What is expected - Please repeat the records word for word and skip the pictures.
————
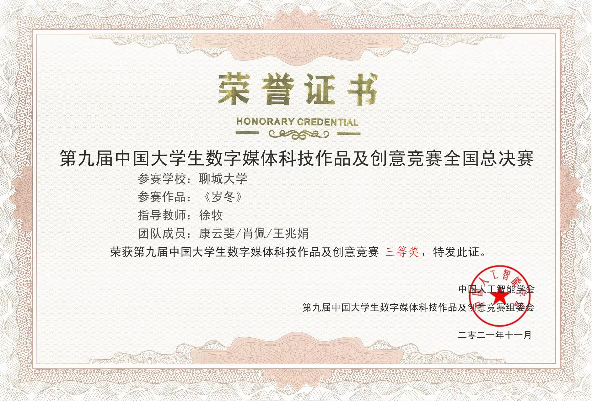 康云斐、肖佩、王兆娟,第九届中国大学生数字媒体科技作品及创意竞赛全国总决赛三等奖
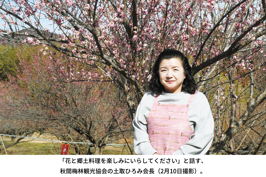 開花に合わせて開かれる秋間梅林祭は、安中市や地元観光団体が主催。週末を中心に催しが実施され、安中総合学園高校和太鼓部(2月28日、3月15日)や警察音楽隊(3月14日)のステージ、「秋間梅林マルシェ」(3月15日までの土・日曜、祝日)などが行われる。また、梅林内の店舗が、おきりこみや味噌(みそ)おでん、梅を使った料理を販売する。
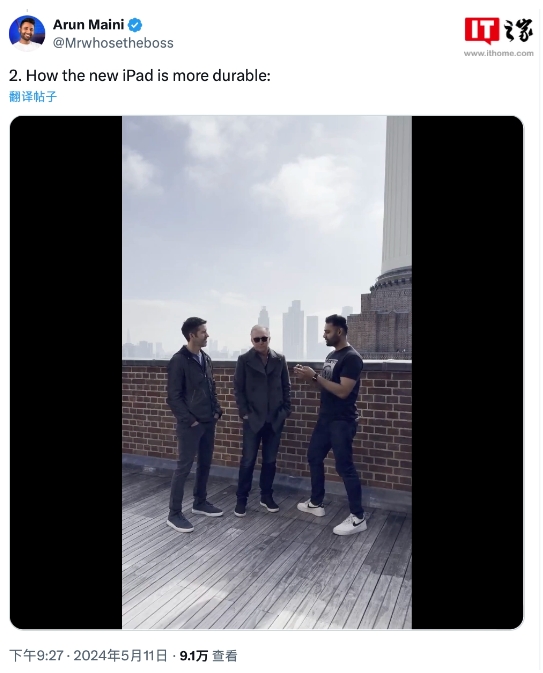 蘋(píng)果聲稱(chēng) 2024 款 iPad Pro 不易變彎,散熱金屬板可充當平板電腦“中央肋骨” 09:02:27
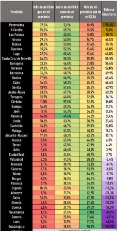 Las provincias que tienen menos arraigado el sentido provincial son las gallegas, las catalanas y las vascas, siempre según la citada encuesta.
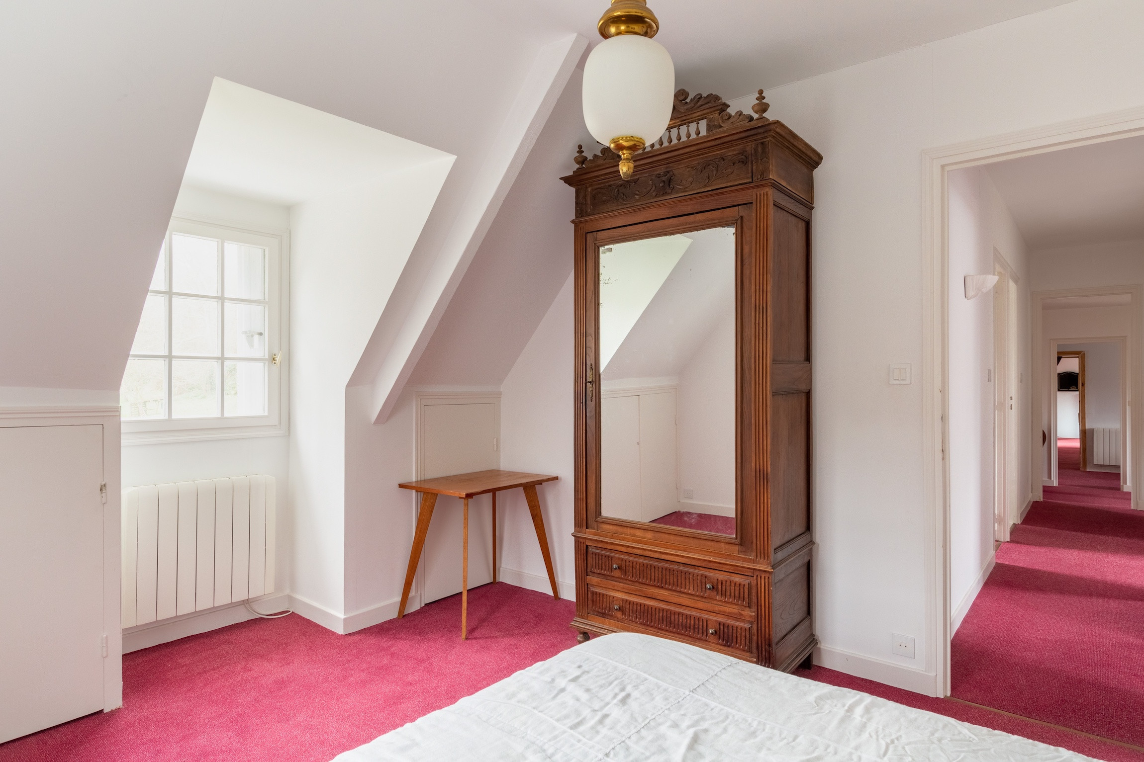 Accesible desde el salón, la suite familiar está dotada de una cama de matrimonio y una cama individual que da al parque con terraza privativa, así como una gran cama king size en altillo con una vista impresionante al mar. Un cuarto de ducha con lavabo doble y WC independientes arriba y abajo completan este espacio confortable.
————
Exercise answer -
 康云斐、肖佩、王兆娟,第九届中国大学生数字媒体科技作品及创意竞赛全国总决赛三等奖
 開花に合わせて開かれる秋間梅林祭は、安中市や地元観光団体が主催。週末を中心に催しが実施され、安中総合学園高校和太鼓部(2月28日、3月15日)や警察音楽隊(3月14日)のステージ、「秋間梅林マルシェ」(3月15日までの土・日曜、祝日)などが行われる。また、梅林内の店舗が、おきりこみや味噌(みそ)おでん、梅を使った料理を販売する。
 蘋(píng)果聲稱(chēng) 2024 款 iPad Pro 不易變彎,散熱金屬板可充當平板電腦“中央肋骨” 09:02:27
 Las provincias que tienen menos arraigado el sentido provincial son las gallegas, las catalanas y las vascas, siempre según la citada encuesta.
 Accesible desde el salón, la suite familiar está dotada de una cama de matrimonio y una cama individual que da al parque con terraza privativa, así como una gran cama king size en altillo con una vista impresionante al mar. Un cuarto de ducha con lavabo doble y WC independientes arriba y abajo completan este espacio confortable.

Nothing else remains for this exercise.